> _Input for this task_
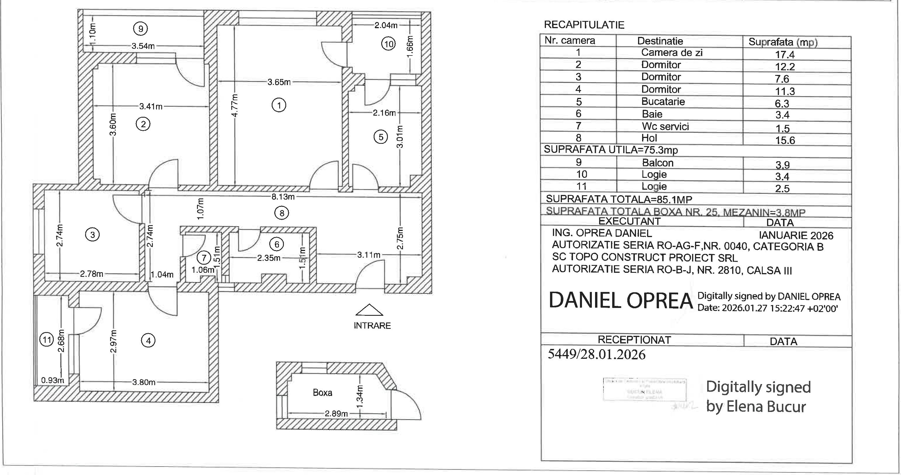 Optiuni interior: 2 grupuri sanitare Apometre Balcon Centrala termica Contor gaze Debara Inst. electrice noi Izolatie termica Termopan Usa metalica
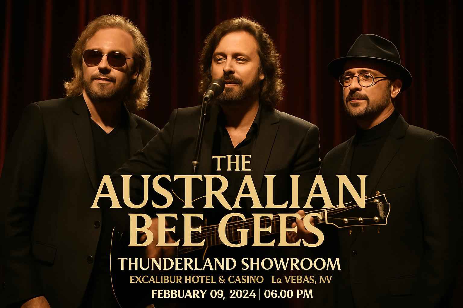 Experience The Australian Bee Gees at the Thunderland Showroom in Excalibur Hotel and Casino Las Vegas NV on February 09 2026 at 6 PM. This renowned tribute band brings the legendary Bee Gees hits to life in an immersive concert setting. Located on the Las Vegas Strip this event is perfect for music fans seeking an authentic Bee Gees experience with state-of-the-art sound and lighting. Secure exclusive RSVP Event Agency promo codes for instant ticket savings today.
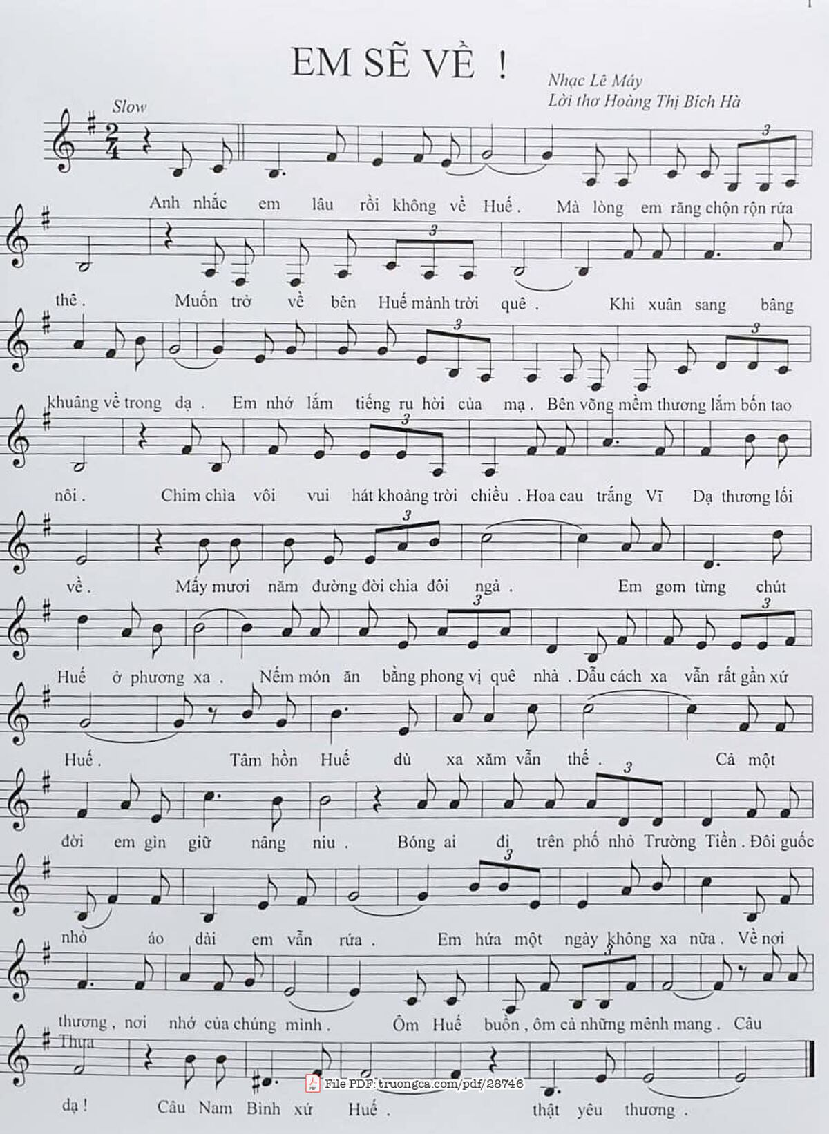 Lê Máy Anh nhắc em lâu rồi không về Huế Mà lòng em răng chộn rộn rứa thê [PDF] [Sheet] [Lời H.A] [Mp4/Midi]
...
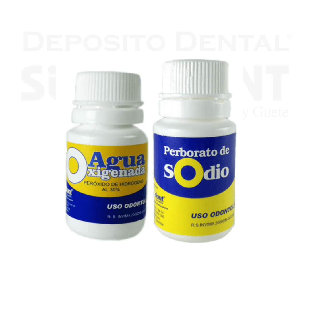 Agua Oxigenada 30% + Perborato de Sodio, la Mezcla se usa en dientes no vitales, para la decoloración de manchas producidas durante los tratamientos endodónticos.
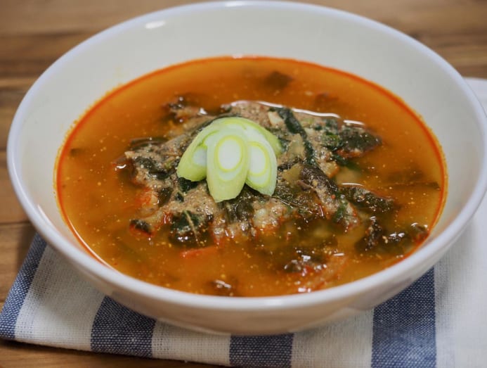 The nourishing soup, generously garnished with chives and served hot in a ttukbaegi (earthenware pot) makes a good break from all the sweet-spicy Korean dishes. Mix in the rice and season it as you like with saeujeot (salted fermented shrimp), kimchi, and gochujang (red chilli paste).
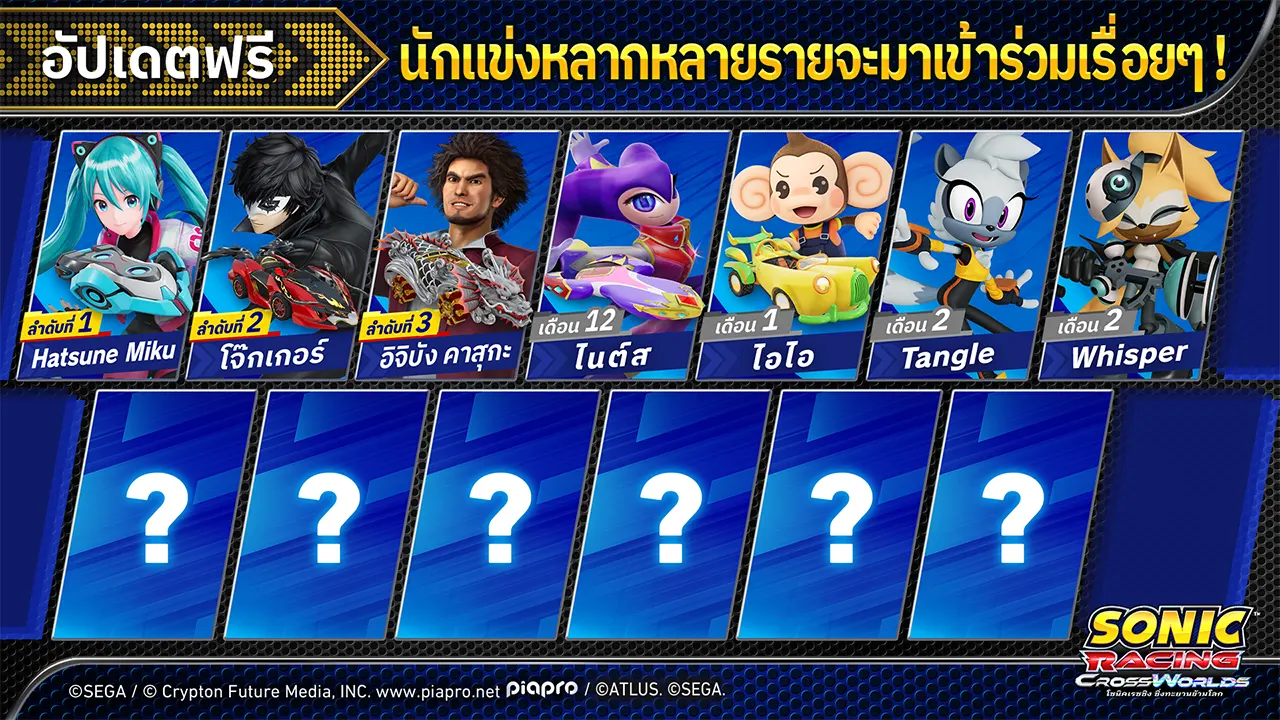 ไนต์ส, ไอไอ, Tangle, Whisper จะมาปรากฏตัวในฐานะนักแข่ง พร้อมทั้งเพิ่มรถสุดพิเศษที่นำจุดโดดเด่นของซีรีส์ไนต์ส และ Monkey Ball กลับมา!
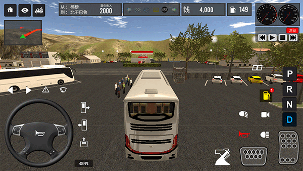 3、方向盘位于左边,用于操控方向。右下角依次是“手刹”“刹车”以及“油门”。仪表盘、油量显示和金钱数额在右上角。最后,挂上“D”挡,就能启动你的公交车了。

> _Task prompt_
Reproduce, exactly and only, the lines of the records above starting at the line with "Optiuni interior: 2" and ending at the line with "Lê Máy Anh nhắc", both included. Leave every picture out.

> _Answer box_
 Optiuni interior: 2 grupuri sanitare Apometre Balcon Centrala termica Contor gaze Debara Inst. electrice noi Izolatie termica Termopan Usa metalica
 Experience The Australian Bee Gees at the Thunderland Showroom in Excalibur Hotel and Casino Las Vegas NV on February 09 2026 at 6 PM. This renowned tribute band brings the legendary Bee Gees hits to life in an immersive concert setting. Located on the Las Vegas Strip this event is perfect for music fans seeking an authentic Bee Gees experience with state-of-the-art sound and lighting. Secure exclusive RSVP Event Agency promo codes for instant ticket savings today.
 Lê Máy Anh nhắc em lâu rồi không về Huế Mà lòng em răng chộn rộn rứa thê [PDF] [Sheet] [Lời H.A] [Mp4/Midi]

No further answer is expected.